5.8. Commercial Tort Claims.
If any Grantor shall at any time acquire any Commercial Tort Claim in
excess of $250,000, such Grantor shall promptly notify the Agent thereof in
writing, therein providing a reasonable description and summary thereof, and
upon delivery thereof to the Agent. Such Grantor shall be deemed to thereby
grant to the Agent (and such Grantor hereby grants to the Agent) a security
interest in such Commercial Tort Claim and all proceeds thereof.
5.9. Depositary and Other Deposit Accounts. Upon request by the Agent
from time to time, Grantors (other than Holdings) shall provide the Agent with a
listing of all Depository Accounts of such Grantor. Each Grantor (other than
Holdings) hereby authorizes the financial institutions at which such Grantor
maintains a deposit account to provide the Agent with such information with
respect to such deposit account as the Agent may from time to time reasonably
request, and each Grantor (other than Holdings) hereby consents to such
information being provided to the Agent. Each Grantor (other than Holdings)
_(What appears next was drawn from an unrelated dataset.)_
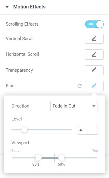 Fade In – The element starts as blurry and gradually becomes clear, based on the level and viewport settings.

will, upon the Agent's request, cause each financial institution at which such
Grantor maintains a Deposit Accounts or other depositary account to enter into a
bank agency or other similar agreement with the Agent and such Grantor, in form
and substance satisfactory to the Agent, in order to give the Agent "control"
(within the meaning set forth in Section 9-104 of the UCC) of such account.
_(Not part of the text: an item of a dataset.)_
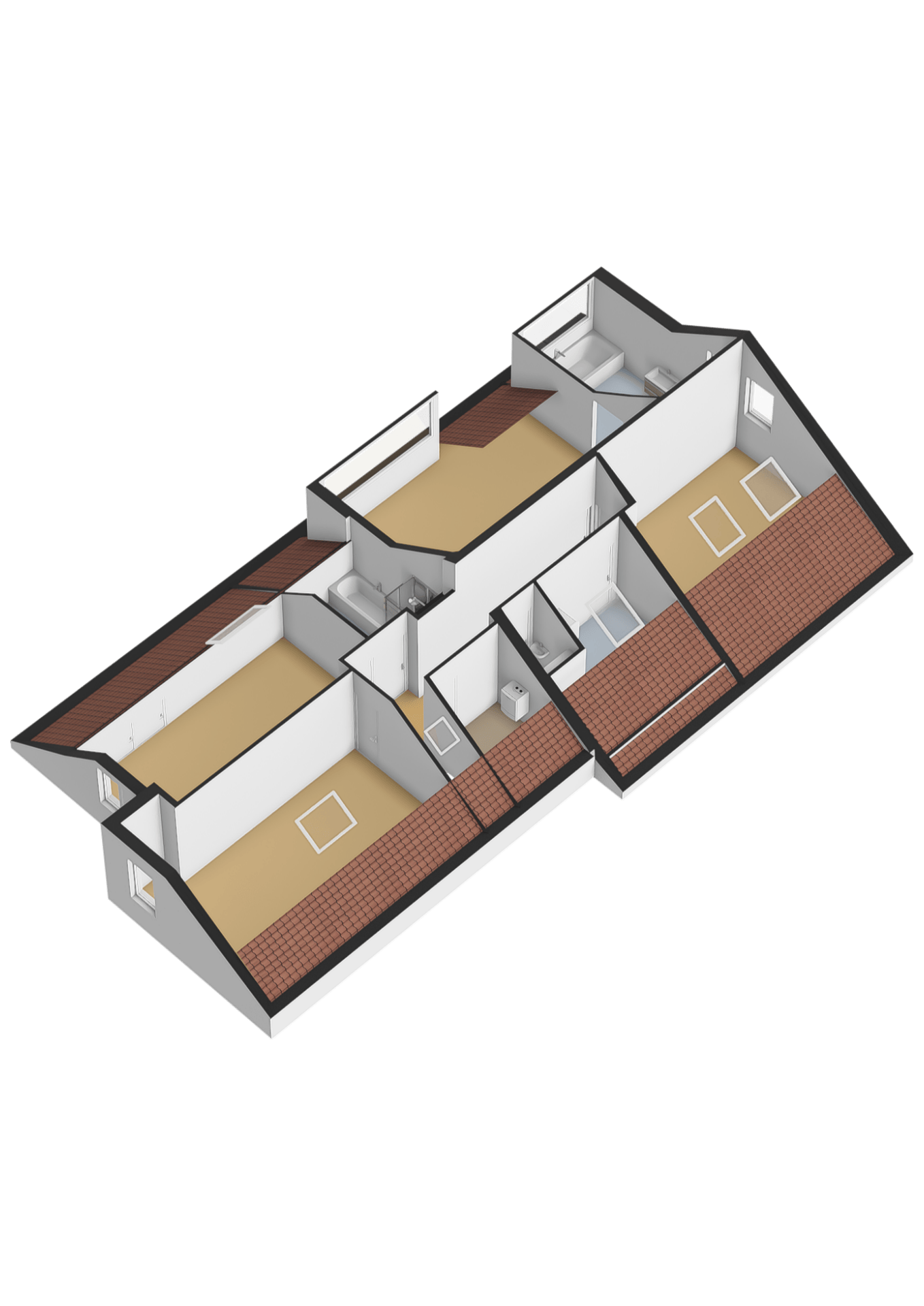 The fourth bedroom is located at the front of the house and has no fewer than three windows, two of which are Velux skylights, ensuring there is always plenty of daylight.

5.10. Other Matters. Each of the Grantors shall cause to be delivered
to the Agent a Collateral Access Agreement with respect to (a) each bailee with
which such Grantor keeps Inventory or other assets as of the Closing Date and
designated by the Agent and (b) each landlord which leases real property (and
the accompanying facilities) to any of the Grantors as of the Closing Date and
designated by the Agent. If any Grantor shall cause to be delivered Inventory or
other property to any bailee as of or after the Closing Date (other than any
such bailees located in the Peoples Republic of China), such Grantor shall use
reasonable efforts to cause such bailee to sign a Collateral Access Agreement,
if so requested by the Agent, in the exercise of its reasonable credit judgment.
If any Grantor shall lease any real property or facilities as of or after the
Closing Date (other than any such locations located in the Peoples Republic of
China), such Grantor shall use reasonable efforts to cause the landlord in
respect of such leased property
or facilities to sign a Collateral Access Agreement, if so requested by the
Agent, in the exercise of its reasonable credit judgment.
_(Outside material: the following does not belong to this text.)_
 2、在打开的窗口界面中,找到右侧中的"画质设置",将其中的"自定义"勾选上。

5.11. Holdings Covenant. Holdings shall not, directly or indirectly,
(i) enter into any agreement (including any agreement for incurrence or
assumption of Debt, any purchase, sale, lease or exchange of any property or the
rendering of any service), between itself and any other Person, other than the
Loan Documents to which it is a party and the Related Agreements (collectively,
the "Holdings Documents"), (ii) engage in any business or conduct any activity
(including the making of any Investment or payment) or transfer any of its
assets, other than the making of the Investments in Borrower existing on the
date hereof, the performance of its obligations under the Holdings Documents in
accordance with the terms thereof and the performance of ministerial activities
and the payment of taxes and administrative fees or (iii) consolidate or merge
with or into any other Person. Holdings shall preserve, renew and keep in full
force and effect its existence. The provisions of this section shall not
preclude Holdings from engaging in any other activities reasonably incidental to
its Investment in Borrower.
5.12. Terminable Intangibles. Each Grantor's General Intangibles and
Intellectual Property constituting Terminable Intangibles are not, and will not
at any time be, material to the business or operations of such Grantor.
5.13. Credit Agreement to Govern. Notwithstanding anything to the
contrary contained in this Agreement, each Grantor may take any actions with
respect to the Collateral (including without limitation selling, transferring or
otherwise disposing of, or encumbering, the Collateral), to the extent such
actions are permitted by the terms of the Credit Agreement.
6. Remedial Provisions.
6.1. Certain Matters Relating to Receivables.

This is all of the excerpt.